Als grobe Orientierung, nicht als feste Frist, würde ich zwei bis drei Wochen über dem Zeitpunkt warten, an dem Nachbarbäume oder dieselbe Art normalerweise austreiben, wenn der Rest am Baum normal wirkt: grün unter der Rinde, biegsame Zweige, pralle Knospen. Das hängt stark von Art und Klima ab. Ein kaltes Frühjahr in Deutschland kann das Ganze deutlich nach hinten verschieben. Wenn dann aber braunes Gewebe dazukommt oder der Wurzelballen komisch wirkt, prüfe ich den Baum lieber richtig statt weiter abzuwarten.

Gibt es Arten, die von Natur aus später austreiben?

Ja, und das bringt viele Leute durcheinander, wenn sie mehrere Bäume nebeneinander vergleichen. Manche Laubarten gehören regelmäßig zu den letzten, die im Jahr austreiben. Das kann je nach Art und Standort Wochen nach anderen Bäumen sein, ohne dass etwas nicht stimmt. Es hilft, den eigenen Baumtyp ungefähr einzuordnen, bevor man ein Problem vermutet.

Hilft Düngen, damit die Knospen schneller aufgehen?

Nein, und es kann sogar schaden. Ein ruhiger oder gestresster Baum kann zusätzlichen Dünger noch nicht sinnvoll nutzen. Zu frühes Düngen, bevor die Wurzeln aktiv sind, bleibt im Substrat liegen oder belastet ein ohnehin geschwächtes Wurzelsystem. Ich warte mit dem Düngen, bis ich echte Aktivität sehe, also schwellen­de Knospen oder weiße Wurzelspitzen.

Bei meinem Baum treibt nur ein Teil aus. Was bedeutet das?

Meist heißt das, dass der Schaden nur lokal ist und nicht den ganzen Baum betrifft. Das ist besser als völlige Stille. Prüfe die unbelebten Abschnitte von den Spitzen her nach innen und schneide dort zurück, wo du lebendes Gewebe findest. Ein Baum, der ungleichmäßig austreibt, erholt sich oft gerade. Er versagt nicht automatisch.

Kann der Topf oder das Substrat der Grund sein, dass der Baum nicht wach wird?

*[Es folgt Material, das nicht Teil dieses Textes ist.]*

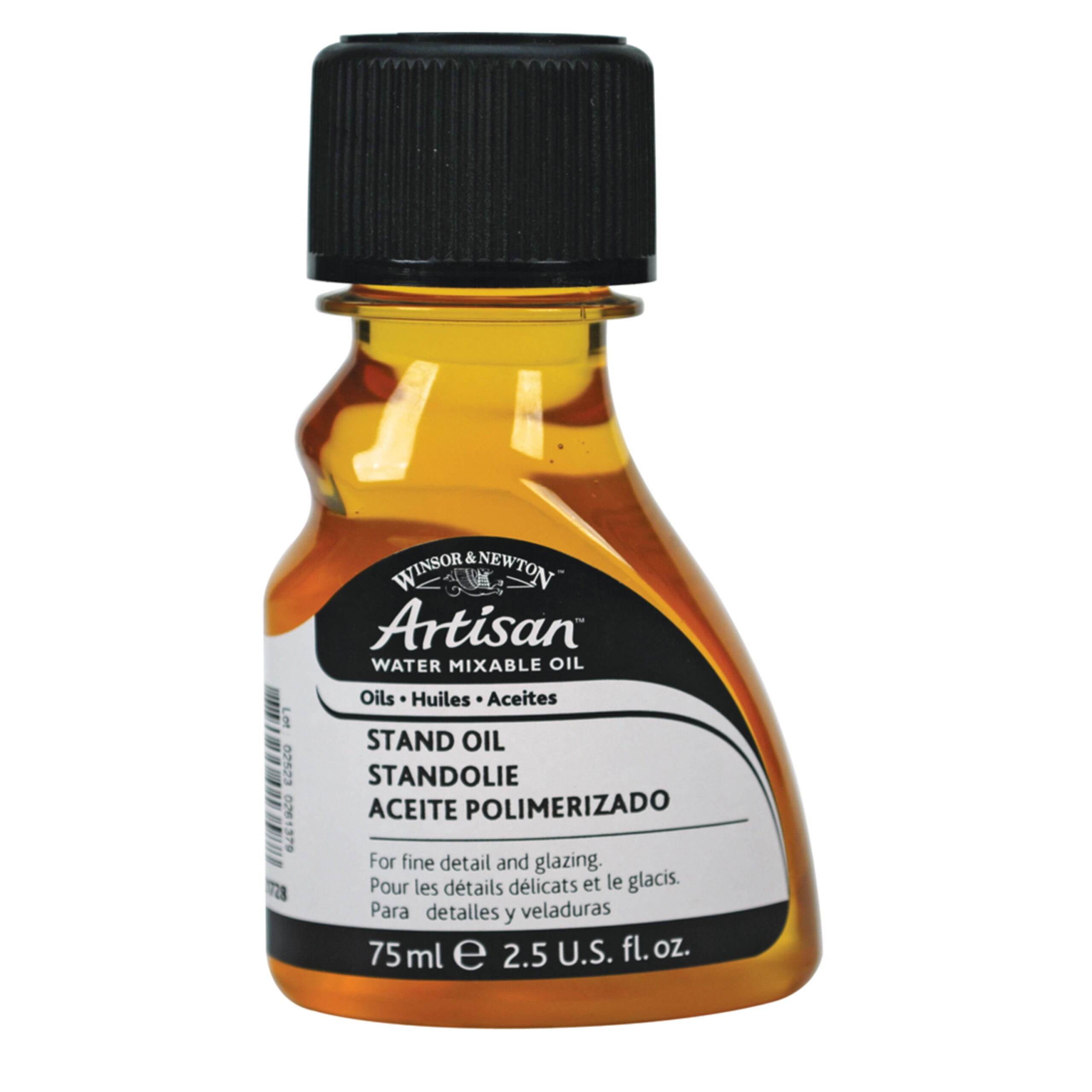 The flow and leveling of Winsor & Newton Artisan water-soluble oils is improved by using slow drying stand oil. It is excellent for glazing and producing fine detail, as it smooths brushwork out for a glossy, leveled effect.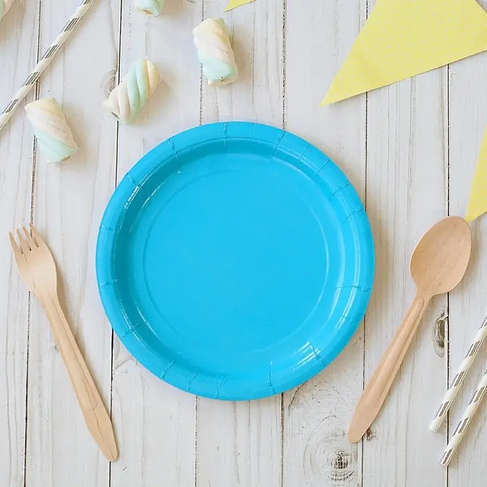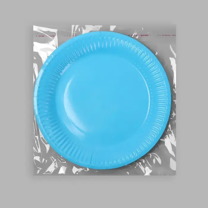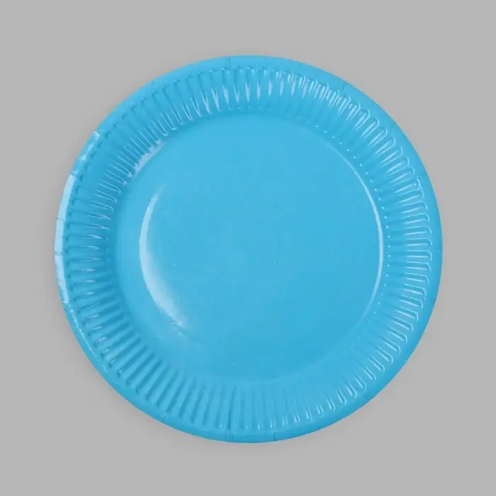 Тарелка одноразовая бумажная однотонная, голубая, 18 см

Ja, auf jeden Fall, besonders wenn das Substrat den ganzen Winter schwer und nass geblieben ist oder seit Jahren nicht erneuert wurde. Verdichtetes, zu nasses Substrat nimmt den Wurzeln den Sauerstoff. Dann kann der Austrieb im Frühjahr verzögert werden oder ganz ausbleiben, obwohl der Baum sonst noch lebt. Wenn du den Baum herausnimmst und die Wurzeln in nassem, dichtem Material sitzen, ist das ein sehr starker Hinweis. Dann hilft meist nur ein Umtopfen in ein gut drainierendes Substrat.

Gilt das auch für Indoor-Tropenbonsai wie Ficus oder Jade?

Nicht in derselben Weise. Alles hier über Winterruhe, Austriebszeit und den Start im Frühjahr gilt für winterharte Freilandarten, die wirklich in Dormanz gehen. Tropische und subtropische Bonsai im Innenraum folgen keinem echten Frühjahrs-Austrieb wie ein Laubbaum draußen. Wenn so ein Baum still wirkt oder Blätter verliert, schaue ich zuerst auf Licht, Gießen und Temperatur, nicht auf eine Jahreszeit, die für ihn eigentlich keine Rolle spielt.